Замечания о практическом осуществлении опыта.
Правда, если учесть, что предполагаемая разница времен составляла 1/100 000 000 времени пути светового луча[51], а свой путь в приборе (несколько метров) он пробегает примерно за стомиллионную долю секунды, может быть, станет яснее, насколько «прост» был опыт Майкельсона.
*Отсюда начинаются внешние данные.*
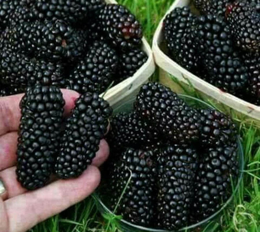 이 식물은 품종에 따라 크기가 조금씩 다른 큰 열매를 풍성하게 맺습니다. 열매는 복잡한 모양을 하고 있으며 보라색을 띱니다. 열매는 라즈베리나 블랙베리와 비슷한 구조를 가지고 있습니다. 과육은 즙이 많고 다육하며, 새콤달콤한 맛이 납니다. 씨앗은 매우 작습니다. 숙성이 여러 시기에 걸쳐 이루어지기 때문에 수확은 여름 내내 이루어집니다.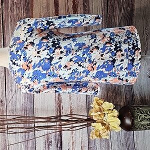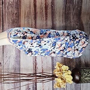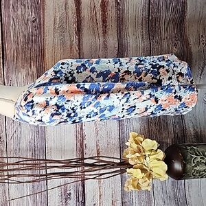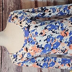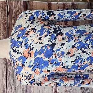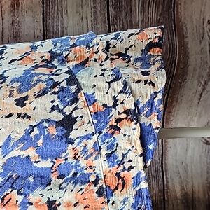 Chico's, blues, and oranges in an abstract print, cotton-blend, 3/4 sleeve, scoop neck, crossover slub tee.

Максвелл считал практическое осуществление своей идеи абсолютно безнадежным делом, и это совершенно понятно. Ведь необходимая относительная точность измерения (10–8) означает, например, что интервал в несколько тысяч лет надо замерить с точностью до одной секунды.

Или другое сравнение.

Разница времен, которую взялся уловить Майкельсон, по порядку меньше времени, необходимого электрону, чтобы сделать один оборот вокруг ядра.

Трудно даже представить все невероятные препятствия, стоявшие на пути Майкельсона.

Может быть, достаточно указать только одно «симпатичное» обстоятельство. База прибора имела длину примерно 1 метр. Для того чтобы замечать изменение времени движения луча света с точностью 10–8, надо быть убежденным, что длина пути светового луча остается неизменной, по крайней мере с точностью 10–9. Иначе время пути светового луча могло бы меняться просто из-за изменения длины базы. Точность же 10–9 означает, что расстояние в 1 метр может изменяться не больше чем на 10 ангстрем! Напомним, что 10 ангстрем — это линейный размер 3–4 атомов, поставленных рядом.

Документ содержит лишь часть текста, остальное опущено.